Marken können Inhalte, Assets, Wettbewerbe und Beziehungen auf der Website besser kontrollieren
Anstatt sich an die Regeln jeder einzelnen sozialen Plattform zu halten, sollten Vermarkter erwägen, Social-Media-Plattformen zu nutzen, um Werbung zu machen, Dynamik aufzubauen, zu teilen und Bekanntheit zu erlangen, was letztendlich zur Website führt, wo Assets, Regeln und Beziehungen entsprechend den Inhalten verwaltet werden können im besten Interesse der Marke.
Grund 5: Der Umsatz kann auf sozialen Plattformen sinken
Das Anbieten einer kommerziellen Transaktion auf einer sozialen Plattform kann einen geeigneten Zeitpunkt und Ort haben. Wie erwartet waren E-Commerce und Ladengeschäfte nur von kurzer Dauer und wurden in erster Linie durch „Geschenkverkäufe“ ersetzt Facebook. Allerdings versuchen viele immer noch, das Einkaufserlebnis auf die soziale Plattform zu verlagern, anstatt den Kunden auf ihre eigene Domain zu bringen.
Bei den meisten verkauften Waren und Dienstleistungen könnte die soziale Plattform potenzielle Umsätze im Vergleich zu denen auf der E-Commerce-Website reduzieren, wo verwandte Produkte und Dienstleistungen präsentiert werden können, um den Gesamtverkauf vor der Zahlung zu steigern.
Der Screenshot unten zeigt die vielen Möglichkeiten auf einer E-Commerce-Website, den Benutzer einzubinden, die Konvertierung zu fördern und den durchschnittlichen Umsatz zu steigern, die soziale Plattformen nicht bieten können.

Besitzen Sie die Daten
Da Daten Gold wert sind, gehen viele Vorteile eines Einkaufserlebnisses vor Ort verloren, wenn die Transaktion auf die soziale Plattform verlagert wird.
Marken möchten Optionen strategisch bewerten, das Modell testen und die Vorteile vergleichen, die sich aus der Aufrechterhaltung des Eigentums an Transaktions- und Beziehungsdaten ergeben, wenn sie bestimmen, was auf der sozialen Plattform und was am besten auf der Website verwaltet wird.

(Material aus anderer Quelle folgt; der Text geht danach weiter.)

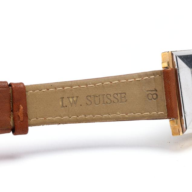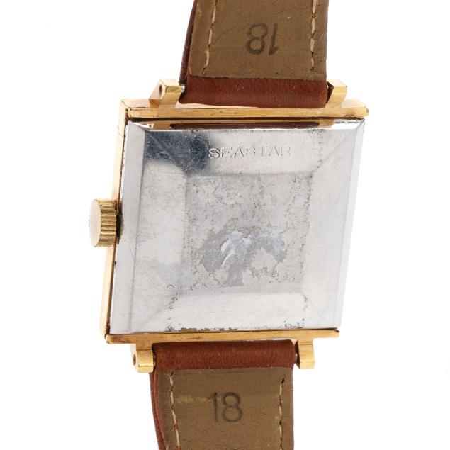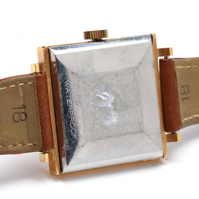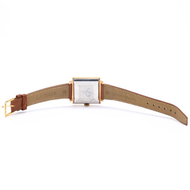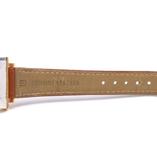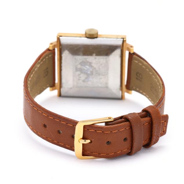 Automatic, the square gold-plated case with polished bezel, the signed silver dial with black and gold baton hour markers, gold Dauphine hands, and date window at 6:00 hour, the brown leather strap with gold-tone buckle, the caseback signed.
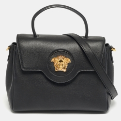 Versace Black Quilted Leather Snap Out Of It Satchel
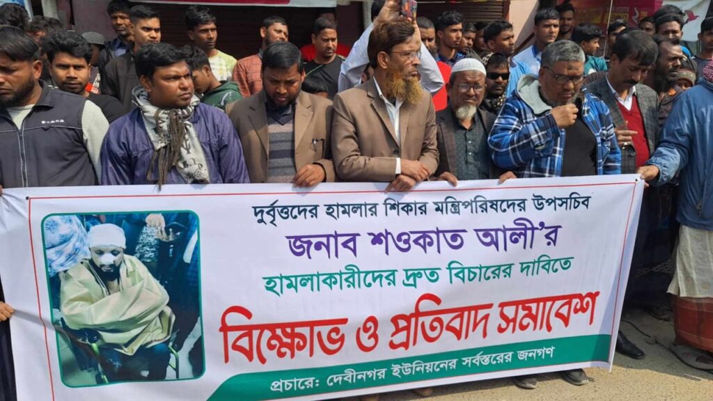 সদর চাঁপাইনবাবগঞ্জের দেবীনগর ইউনিয়ন ধুলাউড়ির হাটে উপসচিব শওকত আলীর মানববন্ধন অনুষ্ঠিত হয়েছে। রবিবার ২৬ তারিখ বিকাল ৪ টায় রাজধানীর চকবাজারে নিষিদ্ধ পলিথিন কারখানায় অভিযান শেষে ফেরার পথে হামলার শিকার হয়েছেন পরিবেশ অধিদপ্তরের পরিচালক (মনিটরিং অ্যান্ড এনফোর্সমেন্ট) উপসচিব শওকত আলী। একজন সৎ এবং নিরহংকার বিনয়ী মানুষ হিসাব দীর্ঘদিন তানোর উপজেলার ইউএনও হিসেবে অনেক ভালো কাজের সুনাম কুড়িয়েছেন। মানববন্ধনে উপস্থিত ছিলেন দেবীনগর ইউনিয়ন পরিষদের সাবেক চেয়ারম্যান আ ক ম শাহেদুল আলম বিশ্বাস পলাশ, দেবীনগর ডিয়ার উচ্চ বিদ্যালয় এর অধ্যক্ষ জনার সাজেমান আলী , দেবীনগর দ্বিমুখে মাধ্যমিক বিদ্যালয়ের প্রধান শিক্ষক আব্দুল আজিজ, দেবীনগর উচ্চ বিদ্যালয় এর প্রধান শিক্ষক জনাব আব্দুল জব্বার, দেবীনগর আল মাদ্রাসা তুস সালাফিয়ার প্রিন্সিপাল জনাব শফিকুল ইসলাম, সমাজসেবক মাইনুল ইসলাম, জহুরুল ইসলাম,আরব আলী, নূর মোহাম্মদ এবং দেবীনগর ইউনিয়নের সকল শিক্ষক মন্ডলী ছাত্র-ছাত্রী ও এলাকার গণ্যমান্য ব্যক্তিবর্গরা।
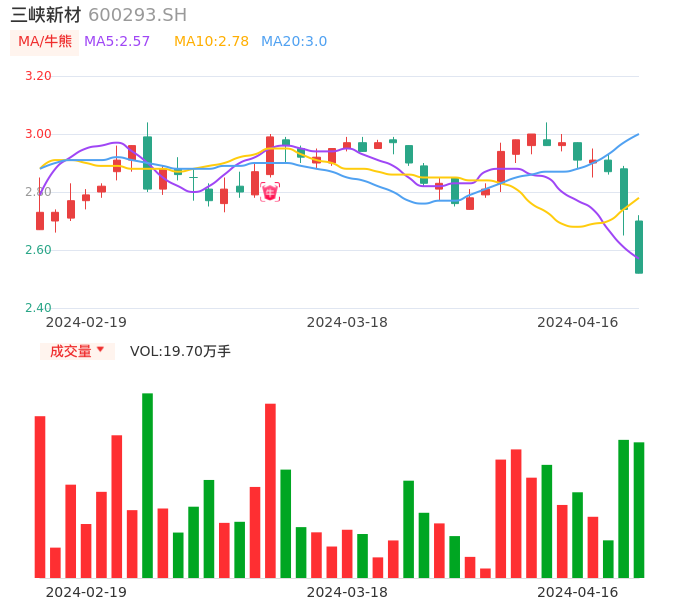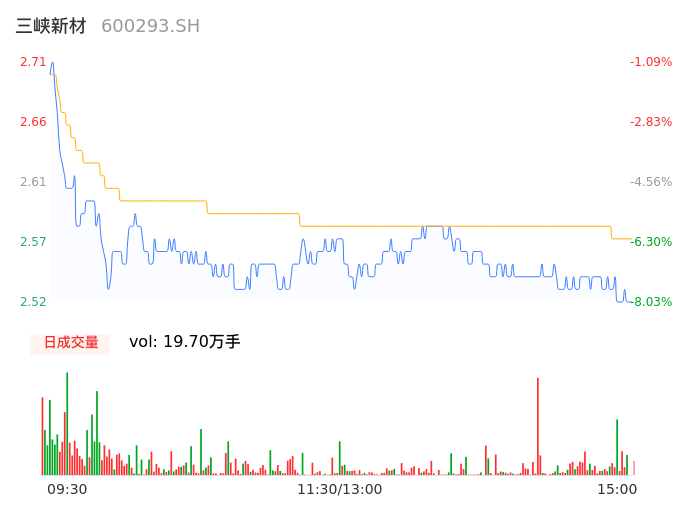04月16日,三峡新材收报2.52,股价涨幅-8.03%,成交金额5066.02万元,换手率1.70%。

Grund 6: Soziale Plattformen sind Unternehmen
Die wunderbaren „kostenlosen“ sozialen Plattformen, die die Gesellschaft genutzt hat, um sich auf persönlicher und beruflicher Ebene zu vernetzen, waren darauf ausgelegt, Geld zu verdienen. Sie wussten vielleicht nicht genau, wie sie angefangen haben, aber seien Sie versichert, dass jeder von Anfang an Aktionäre oder Stakeholder wie Partner, Investoren und VCs hatte, denen er Rechenschaft ablegen konnte.

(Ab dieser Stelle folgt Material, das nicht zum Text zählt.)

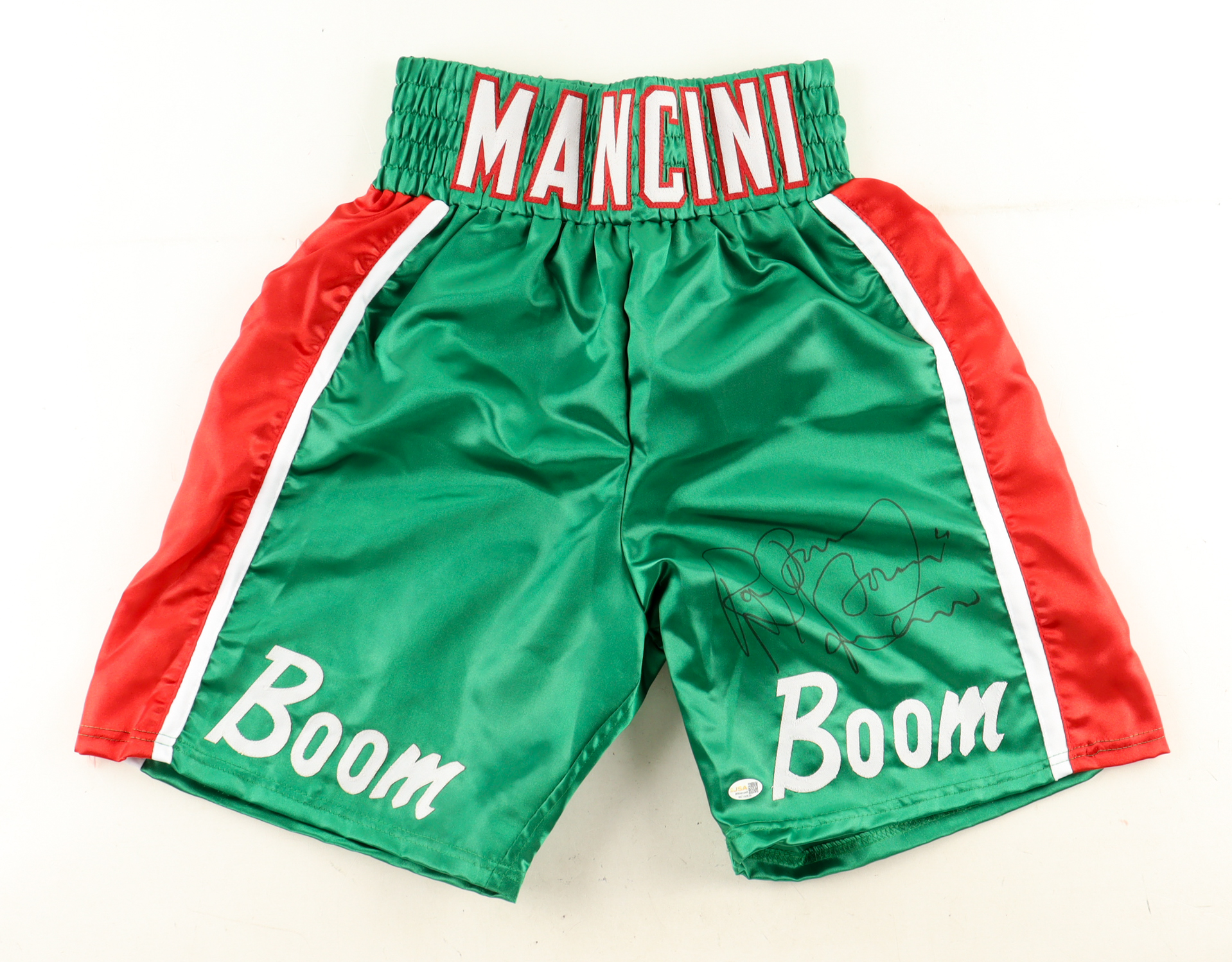 Boxing shorts have been hand-signed by Ray "Boom Boom" Mancini (HOF).

FacebookGoogle+, LinkedIn, Twitter, Pinterest, Foursquare und andere soziale Plattformen entwickeln kontinuierlich Funktionen, um das Benutzererlebnis zu verbessern. Der Hauptzweck der meisten dieser Funktionen besteht nicht immer darin, die Plattform für Benutzer besser funktionieren zu lassen. Es basiert häufig auf der grundlegenden Notwendigkeit, bestimmte Daten und Einnahmequellen zu aggregieren, um die Ziele und Vorgaben der Plattform zu unterstützen.

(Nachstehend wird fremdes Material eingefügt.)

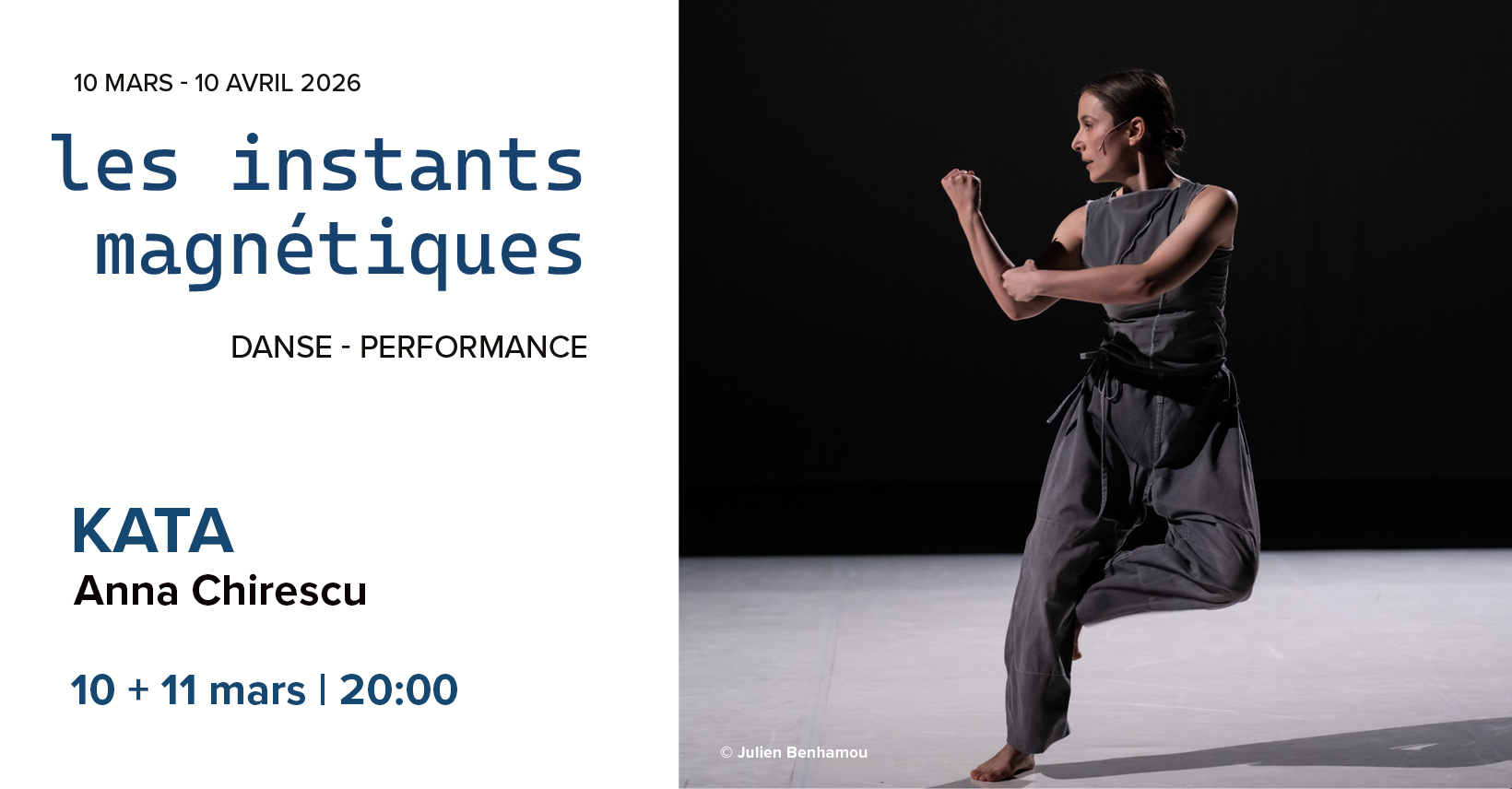 La chorégraphe croise la puissance symbolique de cet art martial avec un registre historique, folklorique et autobiographique. Au seuil d'un passé méconnu et au croisement de plusieurs frontières géographiques, l'artiste interroge cet héritage intime, la mémoire familiale et ses racines roumaines. Entremêlant danse, archives personnelles, musique électronique live, exploration vocale et costumes, elle tisse un récit mélancolique autour des origines. KATA convoque au présent, un passé et des récits à travers lesquels l'intime se partage et se fait politique.

Wie gut die Plattform für Unternehmen und Marken funktioniert, ist zweitrangig. Es ist wichtig, diese Perspektive während der gesamten Beziehung zu jeder Plattform beizubehalten.
Abschluss
Soziale Medien bieten einen beispiellosen Zugang zur Pflege von Beziehungen zu einzelnen Kunden. Für diejenigen, die nachhaltige Marken aufbauen möchten, sollten soziale Medien niemals die Website als ultimatives Markenziel ersetzen.